:: Raw data ::
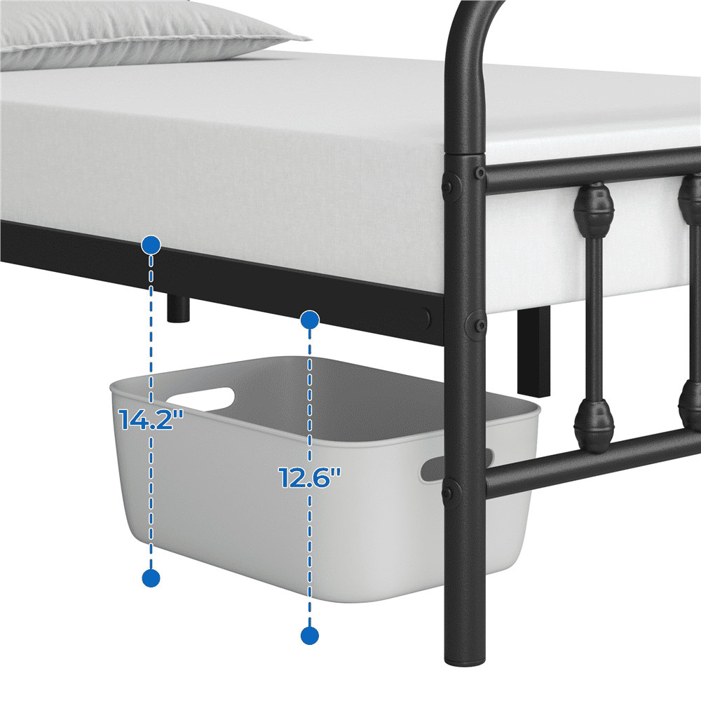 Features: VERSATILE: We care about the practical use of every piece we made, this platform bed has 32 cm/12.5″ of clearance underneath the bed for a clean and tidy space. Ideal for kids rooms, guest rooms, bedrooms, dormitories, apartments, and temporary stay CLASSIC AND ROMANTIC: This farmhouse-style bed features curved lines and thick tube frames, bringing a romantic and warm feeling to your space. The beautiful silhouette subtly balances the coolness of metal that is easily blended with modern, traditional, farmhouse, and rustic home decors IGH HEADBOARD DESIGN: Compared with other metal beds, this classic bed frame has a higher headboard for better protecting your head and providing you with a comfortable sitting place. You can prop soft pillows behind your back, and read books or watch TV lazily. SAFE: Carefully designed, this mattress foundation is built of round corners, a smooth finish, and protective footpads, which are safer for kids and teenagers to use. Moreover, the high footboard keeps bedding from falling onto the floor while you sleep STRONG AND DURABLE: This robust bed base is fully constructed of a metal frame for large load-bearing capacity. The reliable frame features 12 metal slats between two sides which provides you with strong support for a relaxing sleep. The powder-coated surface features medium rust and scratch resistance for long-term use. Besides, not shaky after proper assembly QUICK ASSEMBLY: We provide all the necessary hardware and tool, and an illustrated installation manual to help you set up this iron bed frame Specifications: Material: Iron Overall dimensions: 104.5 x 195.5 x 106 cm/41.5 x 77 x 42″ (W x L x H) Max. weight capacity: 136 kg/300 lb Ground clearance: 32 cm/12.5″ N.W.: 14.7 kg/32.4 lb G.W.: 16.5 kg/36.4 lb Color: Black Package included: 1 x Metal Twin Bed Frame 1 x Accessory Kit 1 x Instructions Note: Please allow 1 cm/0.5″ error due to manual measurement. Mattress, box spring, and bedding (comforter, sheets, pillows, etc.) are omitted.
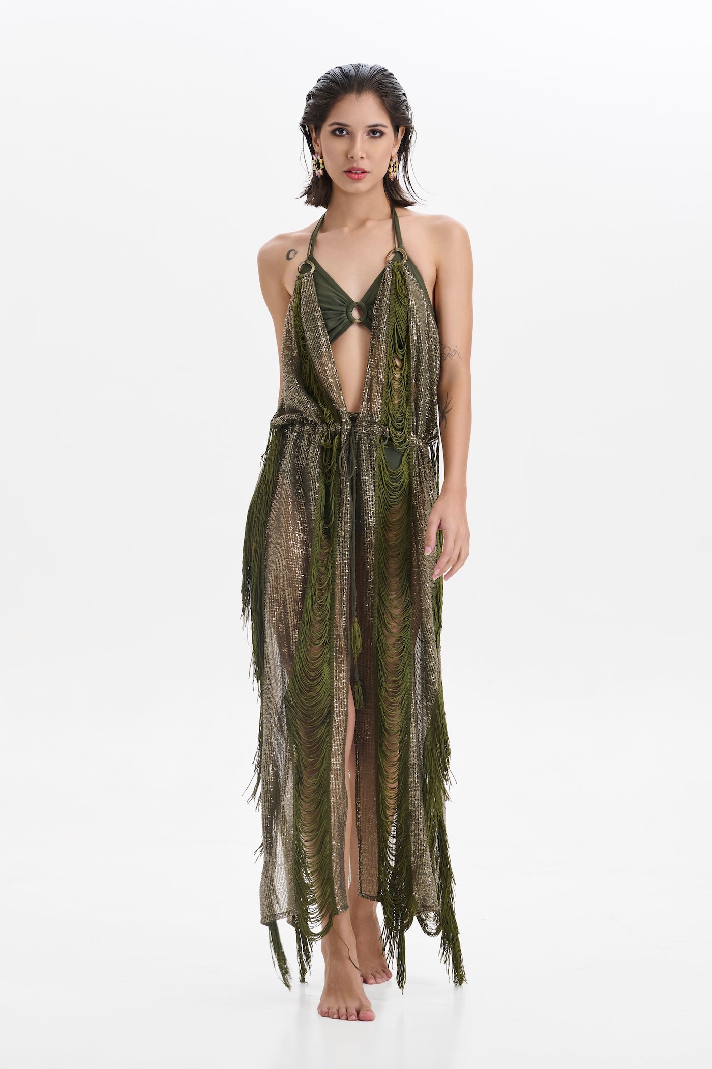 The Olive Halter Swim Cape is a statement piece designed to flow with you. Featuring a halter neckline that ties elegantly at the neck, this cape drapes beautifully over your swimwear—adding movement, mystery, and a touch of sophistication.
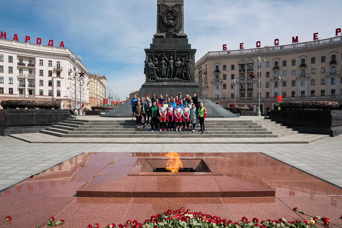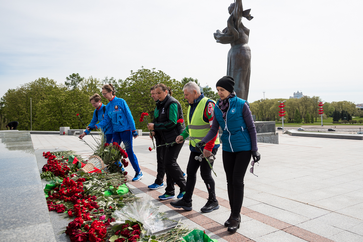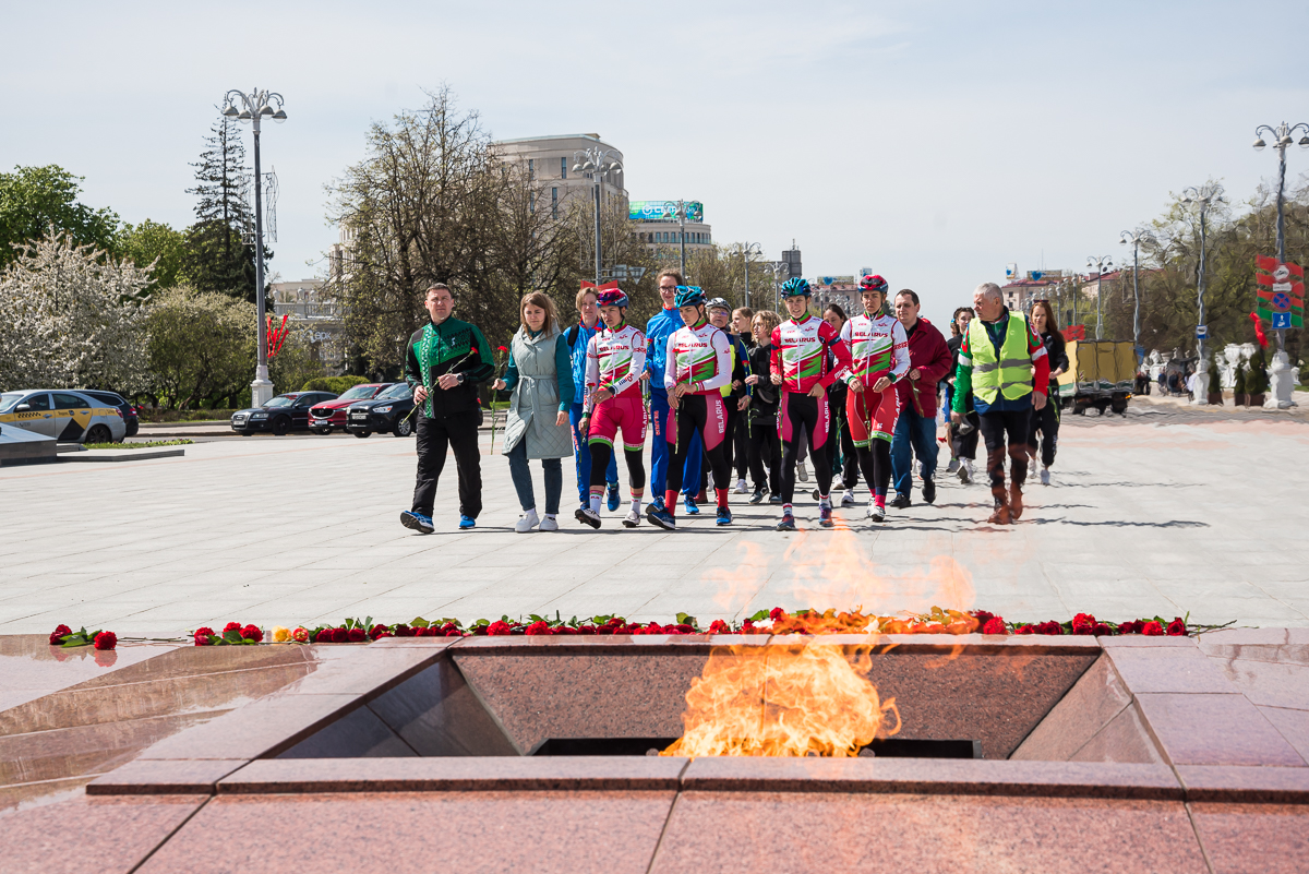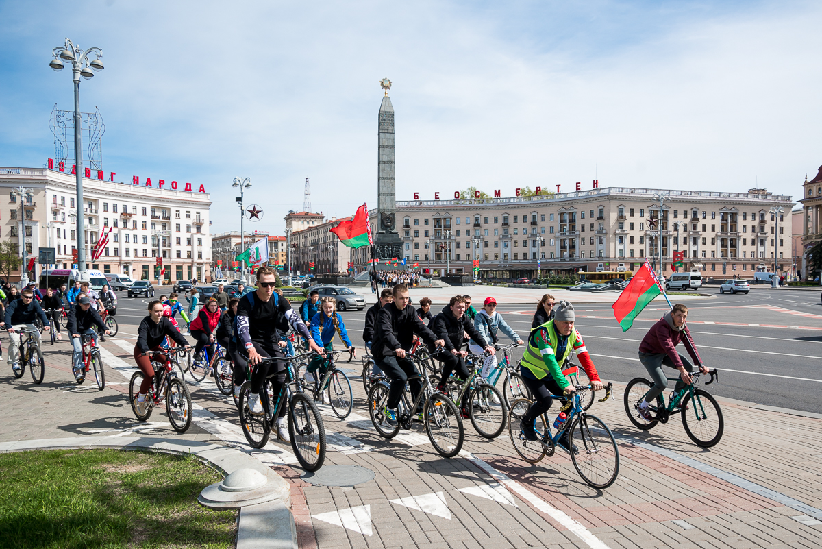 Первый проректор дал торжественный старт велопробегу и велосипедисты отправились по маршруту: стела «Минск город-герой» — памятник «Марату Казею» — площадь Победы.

:: Task requirements ::
Give the data back exactly, omitting all pictures.

:: Answer to this exercise ::
 Features: VERSATILE: We care about the practical use of every piece we made, this platform bed has 32 cm/12.5″ of clearance underneath the bed for a clean and tidy space. Ideal for kids rooms, guest rooms, bedrooms, dormitories, apartments, and temporary stay CLASSIC AND ROMANTIC: This farmhouse-style bed features curved lines and thick tube frames, bringing a romantic and warm feeling to your space. The beautiful silhouette subtly balances the coolness of metal that is easily blended with modern, traditional, farmhouse, and rustic home decors IGH HEADBOARD DESIGN: Compared with other metal beds, this classic bed frame has a higher headboard for better protecting your head and providing you with a comfortable sitting place. You can prop soft pillows behind your back, and read books or watch TV lazily. SAFE: Carefully designed, this mattress foundation is built of round corners, a smooth finish, and protective footpads, which are safer for kids and teenagers to use. Moreover, the high footboard keeps bedding from falling onto the floor while you sleep STRONG AND DURABLE: This robust bed base is fully constructed of a metal frame for large load-bearing capacity. The reliable frame features 12 metal slats between two sides which provides you with strong support for a relaxing sleep. The powder-coated surface features medium rust and scratch resistance for long-term use. Besides, not shaky after proper assembly QUICK ASSEMBLY: We provide all the necessary hardware and tool, and an illustrated installation manual to help you set up this iron bed frame Specifications: Material: Iron Overall dimensions: 104.5 x 195.5 x 106 cm/41.5 x 77 x 42″ (W x L x H) Max. weight capacity: 136 kg/300 lb Ground clearance: 32 cm/12.5″ N.W.: 14.7 kg/32.4 lb G.W.: 16.5 kg/36.4 lb Color: Black Package included: 1 x Metal Twin Bed Frame 1 x Accessory Kit 1 x Instructions Note: Please allow 1 cm/0.5″ error due to manual measurement. Mattress, box spring, and bedding (comforter, sheets, pillows, etc.) are omitted.
 The Olive Halter Swim Cape is a statement piece designed to flow with you. Featuring a halter neckline that ties elegantly at the neck, this cape drapes beautifully over your swimwear—adding movement, mystery, and a touch of sophistication.
 Первый проректор дал торжественный старт велопробегу и велосипедисты отправились по маршруту: стела «Минск город-герой» — памятник «Марату Казею» — площадь Победы.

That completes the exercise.